Question

\[\int\frac{x^3 \sin^{- 1} x^2}{\sqrt{1 - x^4}} \text{ dx }\]

Answer 1

\[\text{ Let I } = \int \frac{x^3 \times \sin^{- 1} x^2}{\sqrt{1 - x^4}}dx\]
\[\text{ Putting } \sin^{- 1} x^2 = t \]
\[ \Rightarrow x^2 = \sin t\]
\[ \Rightarrow \frac{1 \times 2x  \text{ dx }}{\sqrt{1 - \left( x^2 \right)^2}} = dt\]

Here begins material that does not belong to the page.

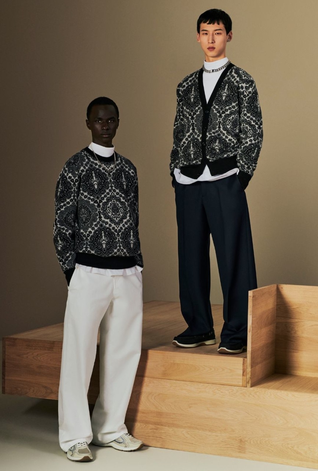 Кроме архивных силуэтов в мужской коллекции Dior resort 2022 можно заметить и спортивные, например, шорты, трико и бомберы. Они замиксованы с объемными брюками, кардиганами, водолазками, пиджаками и свитерами&
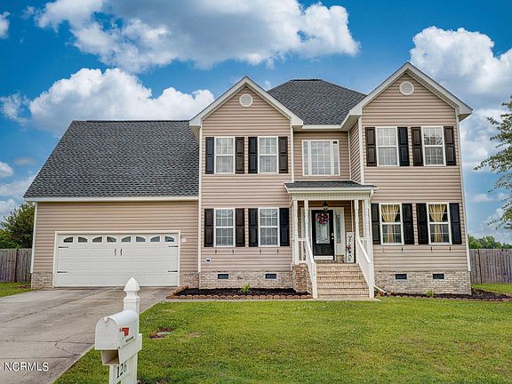 This house has it all! New roof in 2024. Transferable 25-year warranty. Encapsulated crawlspace with dehumidifier. Over 2400 square feet, beautiful and spacious 4 bedroom, 2 and a half bath home. Large yard with deck. Close to Camp Lejeune and MCAS New River. Convenient to beaches and shopping. Plenty of storage with large walk-in closets. Open Family room features a Fireplace with gas logs. First floor office. Eat in kitchen. New appliances. Formal dining room. Master suite has trey ceilings, attached bath with large, jetted tub and separate shower. Schedule your private showing today!

\[ \Rightarrow \frac{x    \text{ dx }}{\sqrt{1 - x^4}} = \frac{dt}{2}\]
\[ \therefore I = \int x^2 . \frac{\sin^{- 1} x^2}{\sqrt{1 - x^4}} . \text{ x   dx }\]
\[ = \int \left( \sin t \right) . t . \frac{dt}{2}\]

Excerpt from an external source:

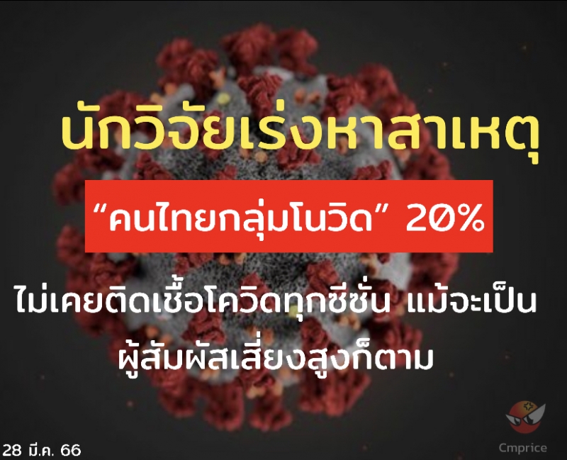 | • นักวิจัย เร่งหาสาเหตุ คนไทยกลุ่มโนวิด (ไม่เคยติดโควิด) 20% ไม่เคยติดเชื้อตลอด 3 ปี แม้จะเป็นผู้สัมผัสเสี่ยงสูงก็ตาม |

\[ = \frac{1}{2}\int t_I . \sin_{II} t    \text{ dt }\]
\[ = \frac{1}{2}\left[ t\int\text{ sin  t  dt} - \int\left\{ \frac{d}{dt}\left( t \right)\int\text{ sin  t  dt } \right\}dt \right]\]

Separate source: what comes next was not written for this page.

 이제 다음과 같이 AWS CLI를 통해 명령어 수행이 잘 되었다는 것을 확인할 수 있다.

\[ = \frac{1}{2} \left[ t . \left( - \cos t \right) - \int 1 . \left( - \cos t \right) dt \right]\]
\[ = \frac{1}{2}\left[ - t \cos t + \sin t \right] + C\]
\[ = \frac{1}{2} \left[ - t\sqrt{1 - \sin^2 t} + \sin t \right] + C\]
\[ = \frac{1}{2} \left[ - \sin^{- 1} \left( x^2 \right) \sqrt{1 - x^4} + x^2 \right] + C\]